It had been noted in HSV-1 that TATA boxes or other promoter elements were, by themselves, of little predictive value in identifying mRNA start sites (45). Our promoter predictions were more successful, largely due to advances of the last decade: highly improved predictive core promoter programs, along with more extensive and detailed databases of known core promoters. The neural network promoter prediction is particularly useful when used in conjunction with defined parameters, such as known ORF locations and mapped TSS.

Two new core element features have been discovered by our analysis: (i) the bidirectional TATA box (occurring six times), predicted to be shared by two overlapping promoters of oppositely transcribed genes, and (ii) the bifunctional TATA-poly(A) signal, a TATA box that also serves as polyadenylation signal for a gene upstream (occurring six times). The available experimental evidence suggests that both features exist. The mapped TSS for UL37 (M) and UL38 are located 50 bp apart and closely agree with our predicted promoters and our bidirectional TATA box (Table 6). Likewise, the mapped TSS for UL5 and UL6 also agree with our predicted promoter and bidirectional TATA box (Table 6). The mapped TSS for US2 (Table 6) is 6 bp apart from the sequenced end of the US9 and US8 transcripts (Table 4), providing support for the predicted bifunctional TATA(US2)-poly(A) signal (US8/US9). Finally, two cases of divergent transcripts with TATA boxes within 100 bp of each other were also noted, which may indicate shared regulatory elements.

In bidirectional TATA boxes, the TBP may bind in either orientation to the same sequence.
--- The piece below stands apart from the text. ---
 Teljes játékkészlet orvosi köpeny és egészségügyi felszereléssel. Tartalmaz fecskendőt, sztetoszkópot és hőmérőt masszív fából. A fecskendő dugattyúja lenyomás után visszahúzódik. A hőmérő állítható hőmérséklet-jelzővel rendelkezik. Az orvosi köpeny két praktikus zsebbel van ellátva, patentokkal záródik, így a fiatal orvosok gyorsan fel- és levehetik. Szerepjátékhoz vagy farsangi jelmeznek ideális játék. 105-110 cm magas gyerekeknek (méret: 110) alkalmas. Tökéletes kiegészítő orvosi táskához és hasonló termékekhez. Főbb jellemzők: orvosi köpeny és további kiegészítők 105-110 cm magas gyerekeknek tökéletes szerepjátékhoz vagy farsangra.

The binding orientation of TBP then determines at which start site the transcription preinitiation complex assembles and which of the two genes will be transcribed. In support of the idea of bidirectional TATA boxes, TBP itself has been found to bind a TATA box consensus in both orientations in solution, with only a small preference for the correct orientation. Furthermore, recent studies suggest that the dominant mechanism in determining the direction of transcription may be the activator-enhanced polarity of TBP binding (reviewed in reference 68). Bidirectional TATA boxes also suggest a simple regulatory mechanism whereby increased expression from one gene lowers the expression of the other gene.

Features of transcript architecture conserved in alphaherpesviruses.
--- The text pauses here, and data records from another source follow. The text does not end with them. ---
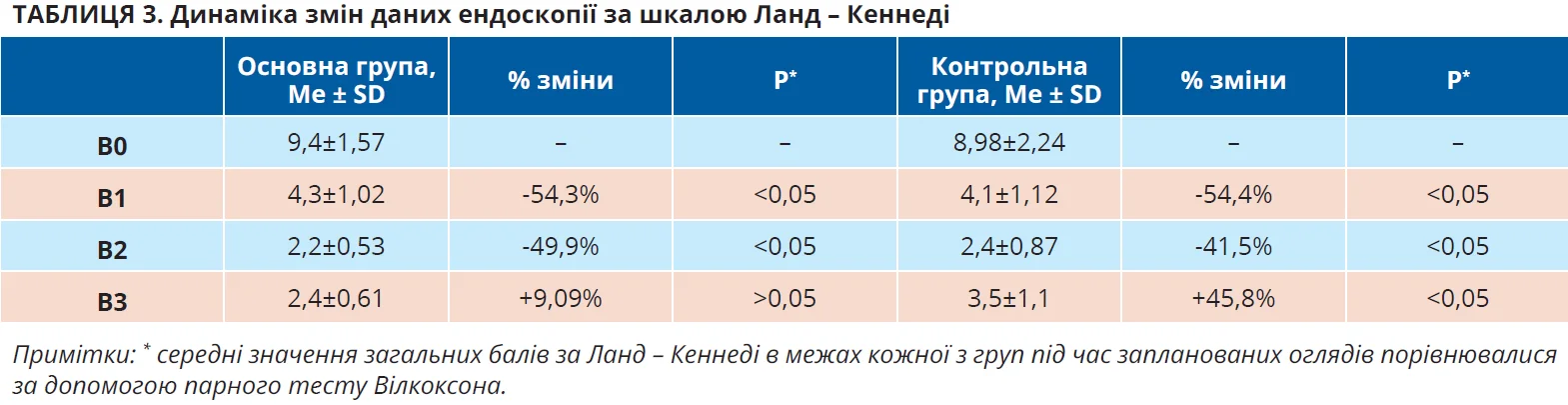 Згідно з дизайном дослідження повторні огляди пацієнтів були заплановані через 7 днів, 1 і 3 місяці після операції. Тому, користуючись умовним позначенням «В» (візит), було порівняно динаміку клінічних, ендоскопічних і рентгенологічних змін у хворих обох груп. Отже, В0 – огляд до операції, В1 – візит на 7-й день після операції, В2 – візит через 1 місяць, В3 – візит через 3 місяці.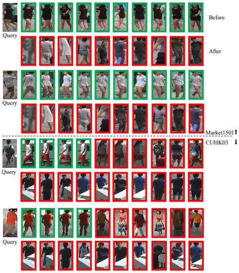 Market-1501 和 CUHK03 上 AlignedReID 被攻击前后的 Rank-10 结果。绿色代表正确匹配。红色代表错误匹配。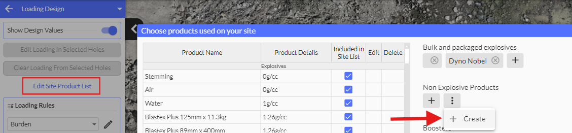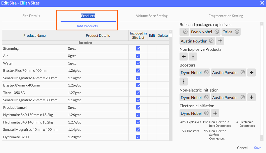Non - Explosive products can be added through the Site Product List when loading a blast or under the site details. These products will save for the site, so they can then be selected in the "Update Product Actuals" (seen above) to be included on the report.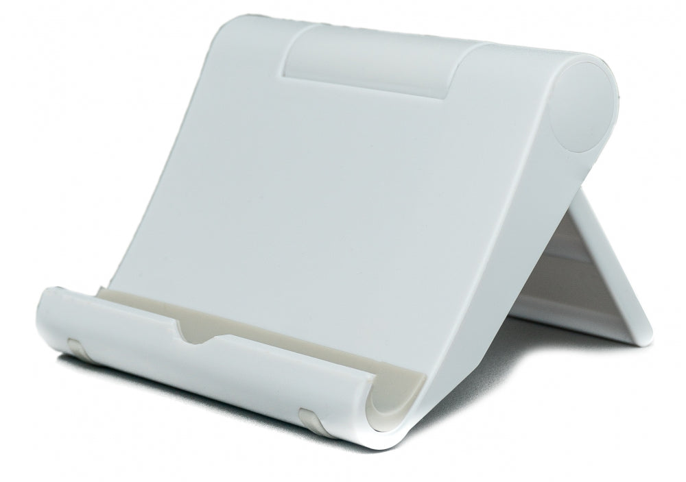 SYSTEM-S standhaldarinn í hvítu fyrir spjaldtölvur og snjallsíma býður upp á hagnýta virkni og fjölhæfa notkun: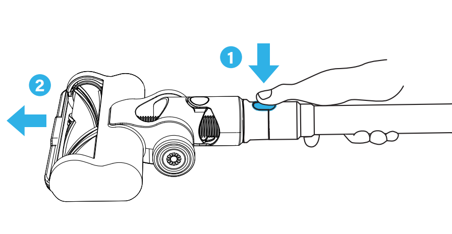 1. Dr眉cken Sie die Entriegelungstaste am Reinigungskopf, um ihn zu entfernen.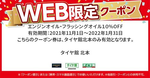 こちらのクーポン券は、タイヤ館北本のみ有効となります。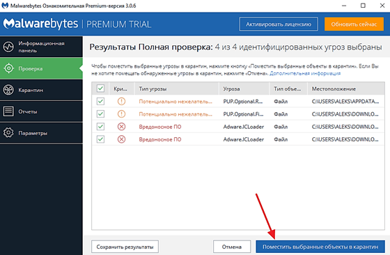 После этого нужно просто дождаться, пока программа Malwarebytes Anti-malware закончит проверку. После проверки Malwarebytes Anti-malware покажет список опасных файлов и предложит поместить их на карантин. Нажмите на кнопку «Поместить выбранные объекты на карантин» для того чтобы подтвердить это действие.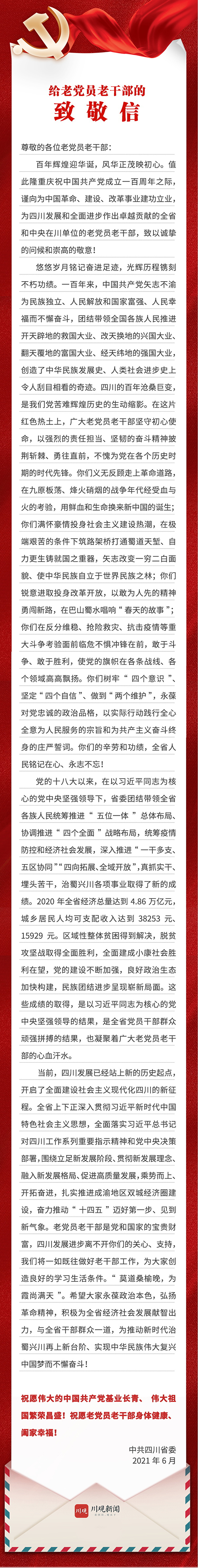 中共四川省委给老党员老干部的致敬信

The gene architecture is well conserved among alphaherpesviruses and can be defined by conserved blocks of genes that show homology in their protein-coding sequence and their position relative to each other. This conservation extends to details of the transcriptional architecture itself. BHV-1 is the closest known relative of PRV, and the transcription termination sites found in the annotated BHV-1 genome predict virtually the same arrangement of singlets and coterminal families that we predict for their homologs in PRV, with few exceptions. Indeed, the largest two coterminal transcript families have clearly been demonstrated to occur in both BHV-1 and PRV: UL1, UL2, UL3, and UL3.5 (20, 39) and UL24, UL25, UL26, and UL26.5 (23, 32). Similarly, the predicted HSV-1 transcript arrangement is highly homologous to the one predicted for PRV (46). As more alphaherpesviruses are examined, a picture of conserved transcriptional features is likely to emerge, including which genes are spliced, arranged in coterminal clusters or transcribed in overlapping and opposite directions. The conservation of many of these features among several viruses suggests that the transcript arrangement is critical for the viral life cycle, probably by properly regulating viral gene expression.

Significance of the transcriptional architecture for microarray analysis.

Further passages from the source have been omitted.